The reason for this is that it’s simply impossible to assume that a script that’s reading from the file system to serve up content, is going to necessarily instantiate the entire WordPress environment to do so. Most likely will, but that’s just hoping again.
Unfortunately, inspecting query strings isn’t the domain of typical web servers. Nginx can do it kind of, if you use if blocks, but doing so is far from ideal and strongly discouraged. There are WAF plugins for Nginx that can do this very effectively, but obviously adding one adds additional overhead to your management of the site and install. As far as I know, the situation is relatively similar for Apache.
Obviously not running plugins that are vulnerable is a solution, but it’s not a general purpose solution as you never really know what plugin may or may not be vulnerable without extensively auditing the plugin’s code base yourself.
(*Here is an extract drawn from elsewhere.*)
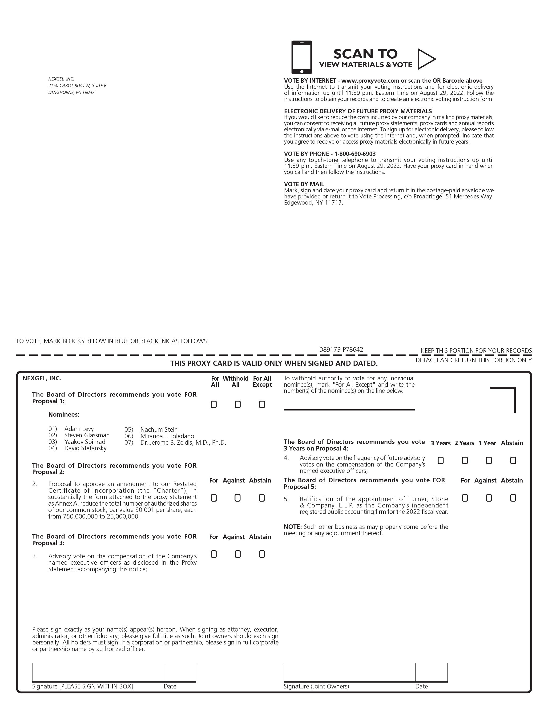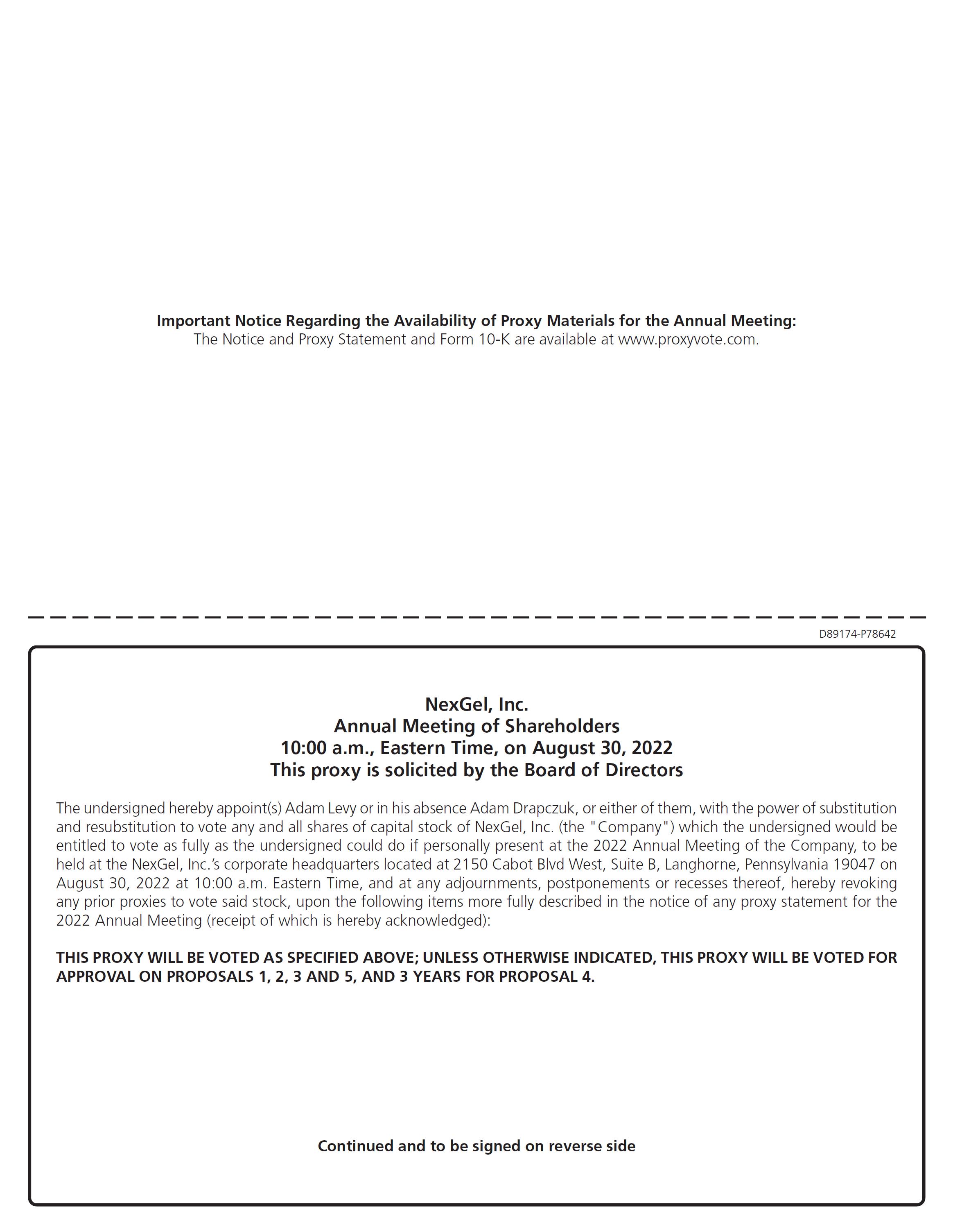 You are cordially invited to attend the Annual Meeting of Stockholders of NexGel, Inc. to be held at 10:00 a.m., Eastern Time, on August 30, 2022, at our corporate headquarters located at 2150 Cabot Blvd West, Suite B, Langhorne, Pennsylvania 19047.

So with all this said, in summary.
- Moving the wp-config file offers some protection against http server misconfigurations
- This may be more or less important depending on the way your host or provider manages things. Does/Can changing a setting in your config panel cause your server to be reset to not running PHP?
- Most current attacks don’t appear to be trying to get the wp-config file from the http server anymore, instead they’re using vulnerable plugins to download the file bypassing any restrictions that might be in place at the http server level.
- Basic protections should still be used.
- Most current attacks still appear to assume the wp-config file is in the default location, moving it provides a temporary amount of mitigation but it should not be relied on as a perminate solution.
- The most effective mitigation to completely prevent an attacker from downloading the wp-config file is some form of web application firewall that isn’t dependent on WordPress’s environment
- Running a WordPress WAF plugin will provide a significant degree of protection presuming the vulnerable plugins actually initialize the WordPress environment in their download scripts.
So is it worth moving wp-config.php?
If you’re setup in such a way that you can deal with the change without it adding much in the way of administrative overhead. Then I don’t see it hurting.
On the other hand, I’m really not convinced that it properly mitigates any actual attack vectors that it’s worth it in and of itself. You still need several additional layers of protection to keep it from being snagged by a vulnerable plugin, and those add further administrative overhead.